There are many difficult maintenance and repair chores associated with your automobile, but tire rotation isn’t one of them … and it’s a service that clearly adds to your bottom line. If you know how to change a flat tire, then you have all the necessary skills to perform your own tire rotation.

The concept of tire rotation is simple- you swap the front tires of your car or truck with the back tires at regular intervals. By rotating your tires you increase the life of the entire set of tires. If your tires were never rotated it’s likely you would experience irregular wear in one or two tires, but by rotating at regular intervals you allow all four tires to wear out at about the same time so they can be replaced with a matching set.

Naturally, if you brought tire professionals from ten reputable tire discounters into a room and asked their opinion, you’d get ten different ideas on tire rotation. There is the opinion one should never rotate your rear tires with your front tires. Or that you should swap the front and rear left-side together, or the crossover opinion of left front to right rear and right front to left rear. Each of these opinions has its pros and cons.

There is one concept that all can agree upon. If you own a front-wheel drive vehicle the tires on the front wear twice as fast as the tires on the rear. There are several reasons for this: the drive train’s power goes though the front tires, the front tires shoulder the brunt of the cornering, and the front tires do the lion’s share of the braking.

All of this friction results in the gradual loss of tread, at a greater rate of wear on the front tires than the rear ones. For this reason, if you never rotated your tires your rear tires would only be about half worn when your front tires needed replacing. This plays into the opinion that you should never swap your front and rear tires when rotating … simply replace the front tires. However, this plan has its drawbacks. You might not be able to match to your rear tires, which will introduce different handling and traction characteristics.

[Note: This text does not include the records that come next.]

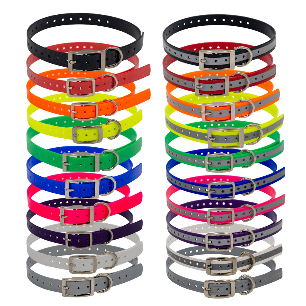 These replacement straps are heavy duty, waterproof, polyurathane-coated nylon. These high quality straps are great replacement straps for any compatible device or just use the collar by itself.Â
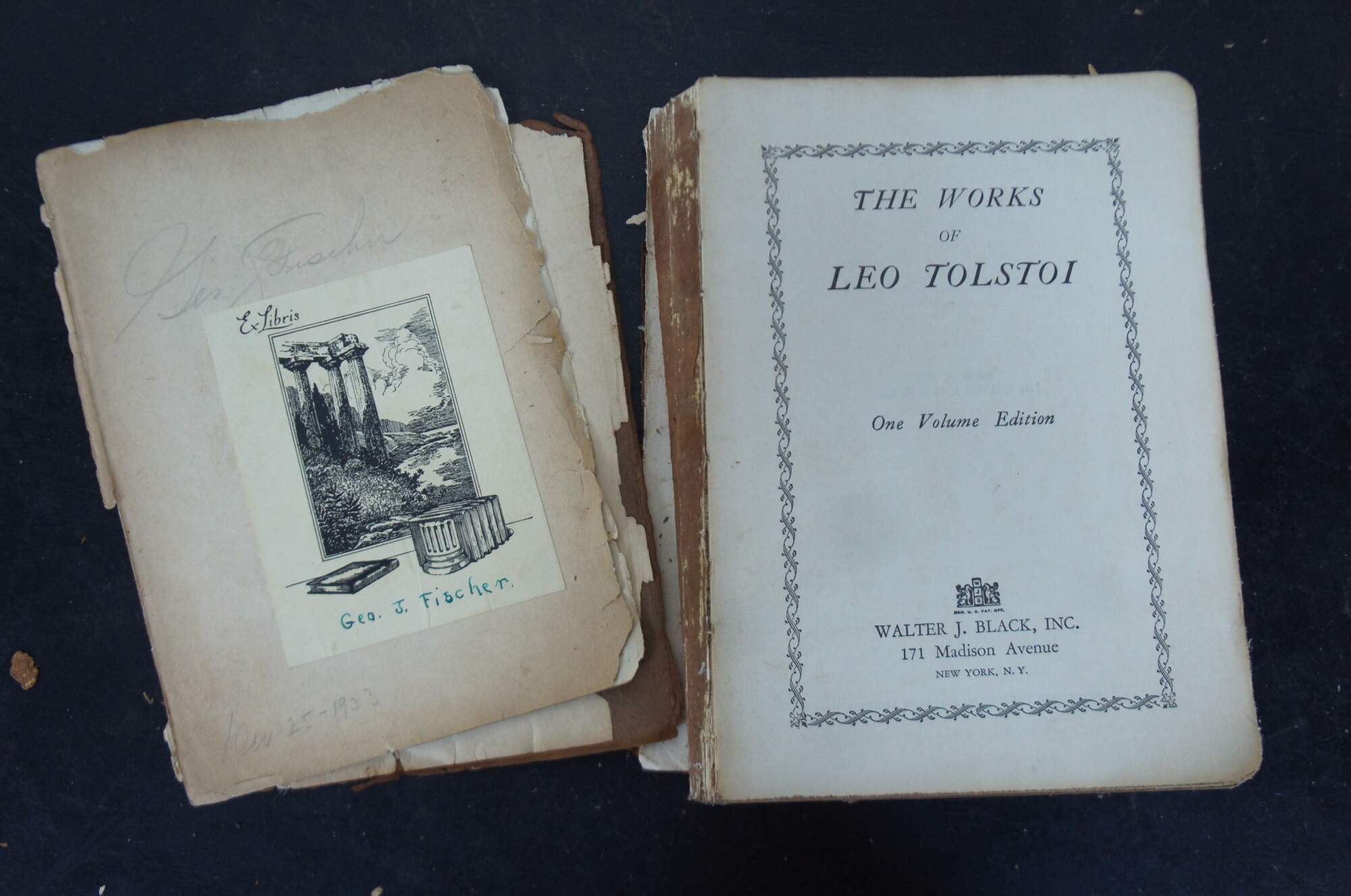 Antique leather cover copies of “The Works of Victor Hugo” and “The Works of Leo Tolstoi” in one volume editions, published by Walter J. Black 1928.
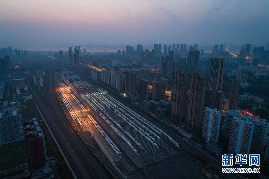 4月8日,在武漢動車段,列車??吭诖孳嚲€上準備投入運行(無人機照片)。 新華社記者 肖藝九 攝
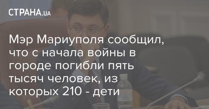 Мэр Мариуполя сообщил, что с начала войны в городе погибли пять тысяч человек, из которых 210 - дети
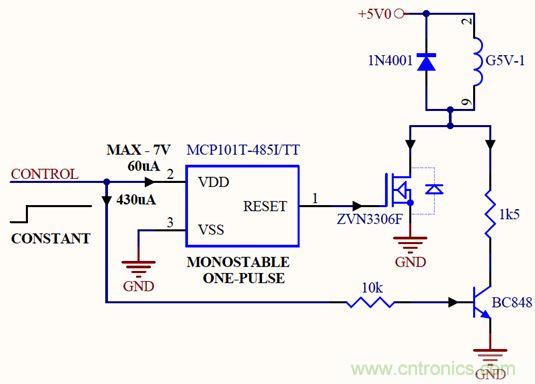 图2:用一个高电平有效的复位芯片来产生吸合电流脉冲,MCP101和ZVN3306F可以很好地与各种继电器一起使用;类似的器件也可以很好地工作(如MAX810)
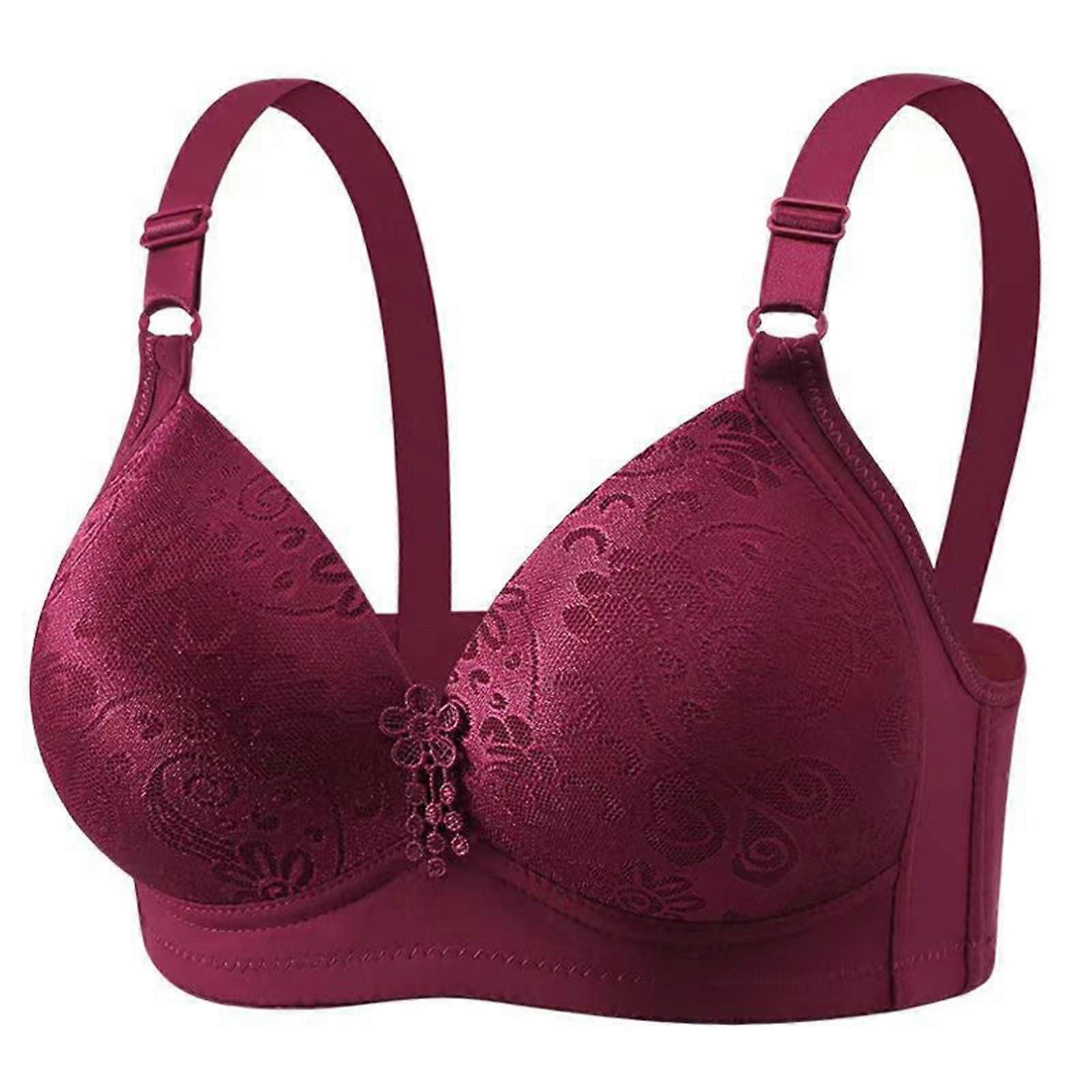 Plus Size Wireless Sports Bra for Women Front Closure Lift Support Breathable Soft Fabric Wine 38
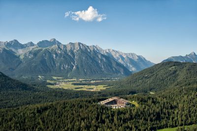 The Interalpen-Hotel Tyrol stands at 1,300 meters above sea level, offering mountain views from its location in the Tyrolean Alps near Seefeld.
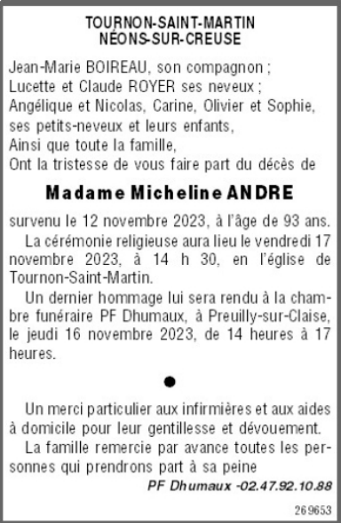Overleden te Le Blanc (36300, Frankrijk) op zondag 12 november 2023 op 93-jarige leeftijd
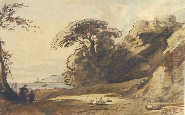 Shepherds before a fortified headland Oil Painting - John Varley
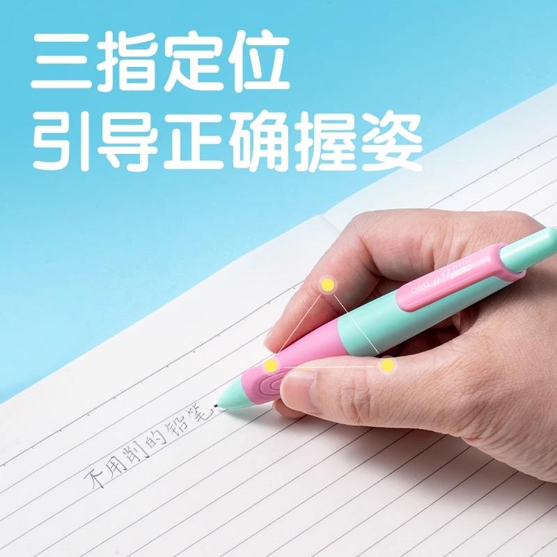 得力矫姿自动铅笔小学生用HB启蒙握笔0.9mm不易断芯免削活动铅笔不用削的自动2年级儿童宝宝练字书写姿势加粗

Most experts agree that rotating all four tires together makes the most sense. Tire manufacturers, vehicle manufacturers and mechanics all recommend one of several rotation patterns, but the truth is it makes virtually no difference which way you rotate your tires as long as each tire divides its time equally on the front and rear of the car. The goal is to have all the tires wear equally so that all four are ready for replacement at the same time.

How often you rotate your tires is another area of wide ranging opinion, but the general consensus is to schedule a tire rotation somewhere in the range of every 5,000 to 7,500 miles. If you’re getting your brakes serviced it’s always a good idea to ask the mechanic to rotate the tires since they’re already off the car. And don’t forget to check your service contract because some tire stores include basic tire rotation as one of their benefits.

By regularly rotating your tires you promote even tread wear and reduce the chances of uneven wear and bald spots. A recent survey of 7,000 vehicles conducted by the Rubber Manufacturers Association (RMA) uncovered the disturbing statistic that more than 11% of vehicles were riding on at least one bald tire, a dangerous driving situation for both the vehicle’s owner and the others sharing that road. Scheduled tire rotation will lessen the chance of this situation occurring on your vehicle, and at the very least provides you, or a trained technician from a reputable tire discounter, an opportunity to get a close visual inspection of your tires and identify a potential hazardous situation before it becomes a road hazard.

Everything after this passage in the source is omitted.